Overpaid professors of economics are offering excuses for Hewson’s endorsement of the soft option of a $3-an-hour minimum. They allege that, because of the Accord with the mindlessly militant ACTU, Australia’s presently imperfect labour market will not allow for the introduction of a zero of negative wage. The reason given is that teenagers can earn $60 a hour as prostitutes.

Should an employer ever place reasonable demands on a teenager, all she has to do is remind her boss that after hours her labour will cost him twenty times more than Hewson’s minimum.

Hewson’s academic apologists pretend that the invisible hand of market forces in the form of prostitution is thus a more effective protector of the rights of children than legions of factory inspectors, anti-discrimination laws, arbitration awards and compulsory unions.

The academic waffle in defence of Hewson won’t hold water. The impediment to universally lower wages posed by a $60-an-hour prostitutes must be smashed by further freeing-up of the child-labour market. It is high time that the Sex Workers Union got a dose of Troubleshooters.

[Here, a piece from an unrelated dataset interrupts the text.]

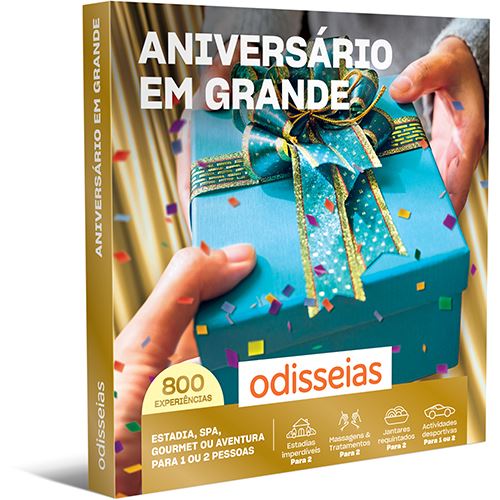 Pack Presente Odisseias - Aniversário em Grande | Experiência de alojamento, Spa, gourmet ou aventura | 1 ou 2 pessoas

Unless governments also stop resolving child abuse cases, sufficient children will never be made homeless before freely choosing to take up the oldest profession.

The artificial prices extorted by teenage prostitutes go to the heart of the structural adjustments needed to restore Australia to prosperity through exploiting our comparative advantages. Without 20 million tourists a year there will be no end to our foreign debt: without mass prostitution there will be a no tourists.

Moreover, prostitution is one form of labour with a premium on inexperience. No wasteful training or bureaucrats are required. Virgins attract the highest price of all, and not only from Zegna-suited vampires.

Above all, if Australia does not have a free market in child labour, how will our delegates at international trade talks on beef and sheep maintain the high moral ground?

[*John Hewson, former federal leader of the Liberal Party, lost the ‘unloseable election’ in 1993 against Paul Keating led Labor Party. He lost because he wanted to introduce a GST.]